A gennaio l'Istituto di storia contemporanea di
Monaco ha deciso di ripubblicare il testo a fini
storici in una edizione commentata con l'avallo
del presidente delle comunità ebraiche tedesche.
In questi giorni si sta discutendo se adottare
questo testo nei piani di studio delle scuole
superiori. Abbiamo deciso di ripetere
l'operazione per l'Italia, rieditando il testo
originale stampato dalla Bompiani nel 1938 che
oggi, per chi vorrà, è in edicola insieme al
quotidiano e al primo numero di una collana
dedicata alla storia del Terzo Reich. Ovviamente
si tratta di un'edizione commentata. La guida
critica alla lettura è del professore Francesco
Perfetti, una delle massime autorità nel campo
della storia contemporanea. La sola notizia di
questa pubblicazione ha già suscitato polemiche,
la maggior parte delle quali legittime e
comprensibili, e le preoccupazioni degli amici
della comunità ebraica italiana, che ci ha sempre
visto e sempre ci vedrà al suo fianco senza se e
senza ma, meritano tutto il nostro rispetto.

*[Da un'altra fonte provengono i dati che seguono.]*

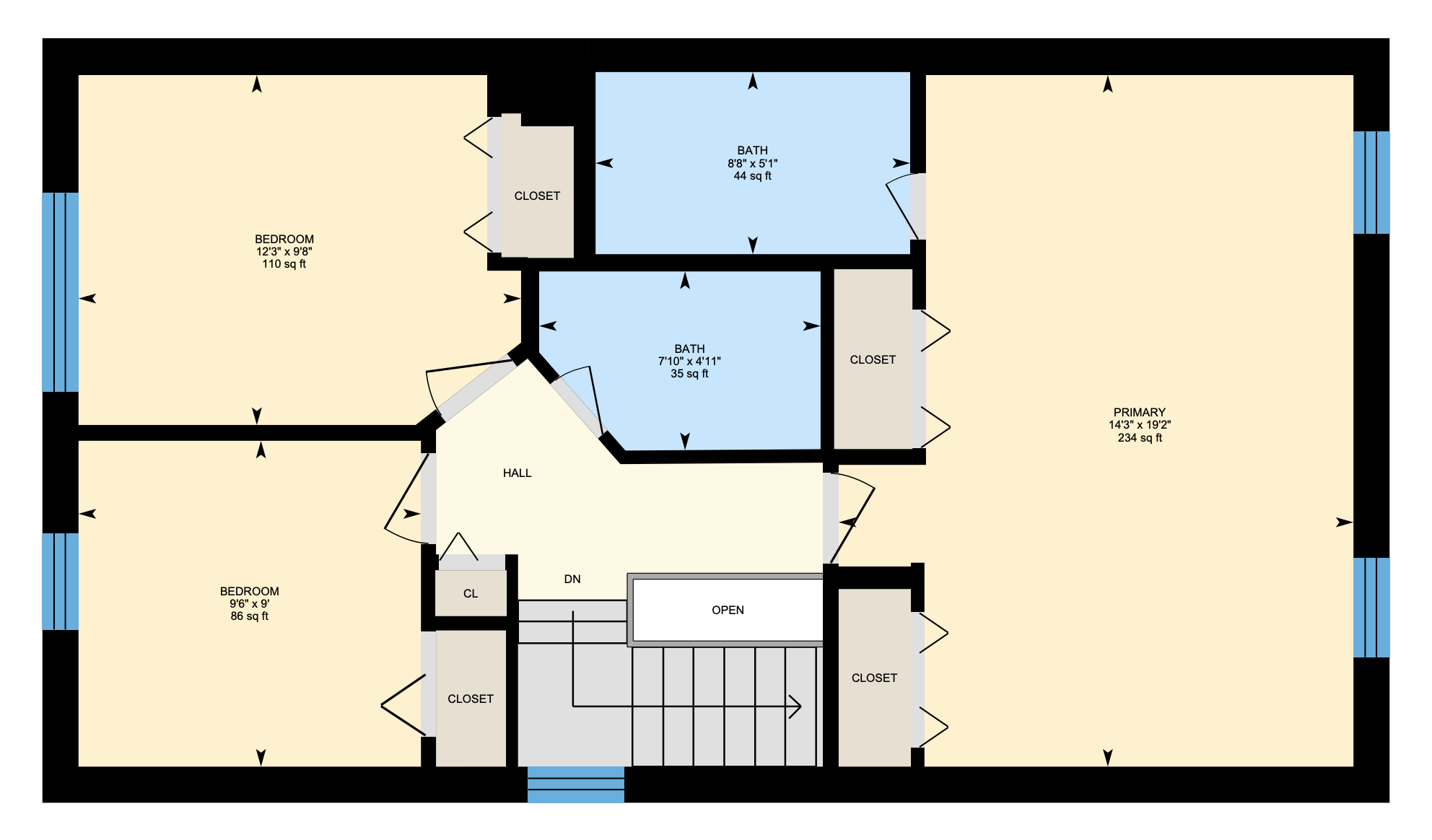 - Primary suite with vaulted ceilings and generous closet space

Escludo però che ad alcuno possa anche solo
sfiorare l'idea che si tratti di un'operazione
apologetica o anche solo furba. Non si gioca su
una simile tragedia. Semmai il contrario. Perché,
con certi venticelli che soffiano qua e là per
l'Europa e in Medioriente serve capire dove si
può annidare il male e non ripetere un errore
fatale. Cito Perfetti: «Al mondo politico, ma
anche a quello intellettuale dell'Europa del
tempo, può essere oggi rimproverato il fatto di
non avere letto in maniera approfondita l'opera e
di non averne quindi compreso appieno la
dimensione aberrante destinata, come la storia
avrebbe tragicamente dimostrato, a minare in
profondità le fondamenta del mondo civile».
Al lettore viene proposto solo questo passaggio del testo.